Successes and failures of Vatican II could help shape better Vatican III

IRELAND
Irish Times

RITE & REASON: It is right we celebrate the last Vatican council but there were significant failings also, writes GERARD MOLONEY

NEXT THURSDAY marks a momentous anniversary for the Roman Catholic Church as 50 years ago, October 11th, 1962, the opening session of the Second Vatican Council began.

Bishops gathered to consider the great issues affecting the church. Nothing would be quite the same again. It is still difficult to credit the impact and scale of the council’s achievements.

To have lived through that period of change and hope must have been extraordinarily exciting. It was a good time to be alive and to be Catholic. …

Fifty years on, it is right that we celebrate the many insights and achievements of Vatican II but it is clear that there were significant failings also. The council didn’t address adequately major issues around sexual morality, especially contraception, second unions and homosexuality, which have become a source of increasing division within the church.
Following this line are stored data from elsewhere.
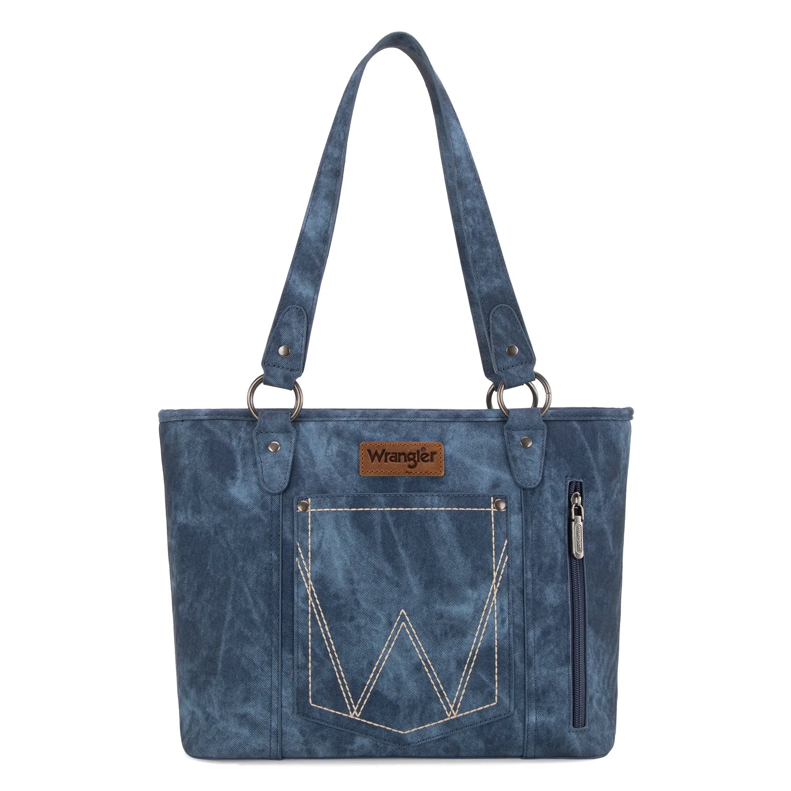- W-shaped stitching with wrangler logo applique
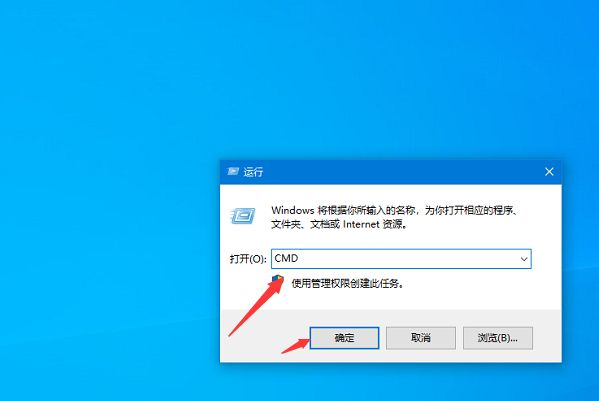 2、在出现的对话框中输入CMD点击确定。
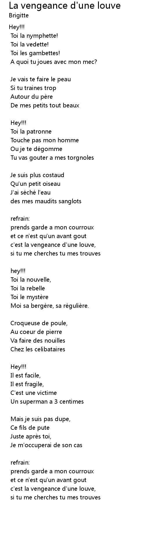 | Song | La vengeance d'une louve |
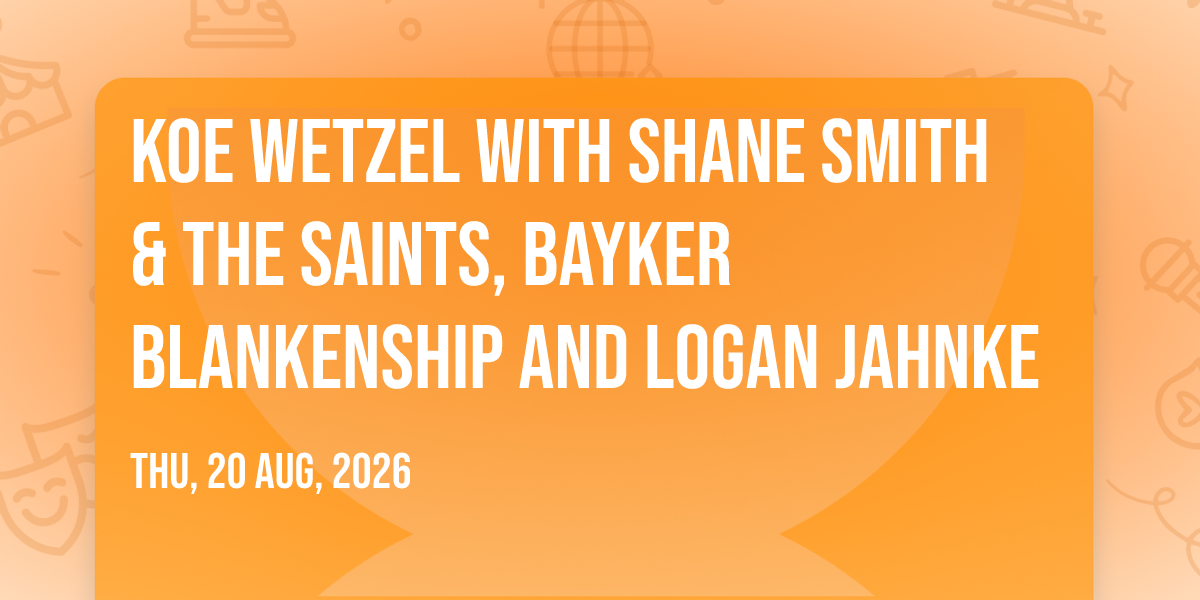 π Location: 38.8801, -77.0261β¨ Embark on an extraordinary journey at Koe Wetzel with Shane Smith & The Saints, Bayker Blankenship and Logan Jahnke, where every moment promises to be unforgettable! π Imagine of transforming The Anthem - DC in the heart of Washington, DC into a realm of endless possibilities. π Join us on August 20th, 2026 at 10:45 PM for an experience that will challenge your imagination and exceed your expectations. π― This carefully curated event combines the finest elements of entertainment, innovation, and community spirit. Whether you're an adventure seeker, culture enthusiast, or someone looking for unique experiences, this event offers something special for everyone. π Don't miss this chance to be part of something extraordinary!
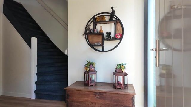 Nadat je de auto op je eigen oprit hebt geparkeerd, loop je via de voordeur de woning binnen. Bij de entree vind je de vernieuwde meterkast, het toilet met fontein, de trapopgang naar de eerste verdieping en de trapkast. Wat meteen opvalt als je de woonkamer binnenloopt, is de hoeveelheid ruimte die is gerealiseerd middels de uitbouw. Vanuit de woonkamer heb je toegang tot de grote lichte werkkamer.

It failed to address the problem of clericalism and clerical culture, now brought into sharp relief by the sex abuse scandals.

The church failed to put into practice the principle of subsidiarity – in other words, to devolve power to local churches and not centralise everything in Rome. And so there was a failure of collegiality and a failure to give any real voice or authority, not only to lay people and clergy, but also even to local conferences of bishops.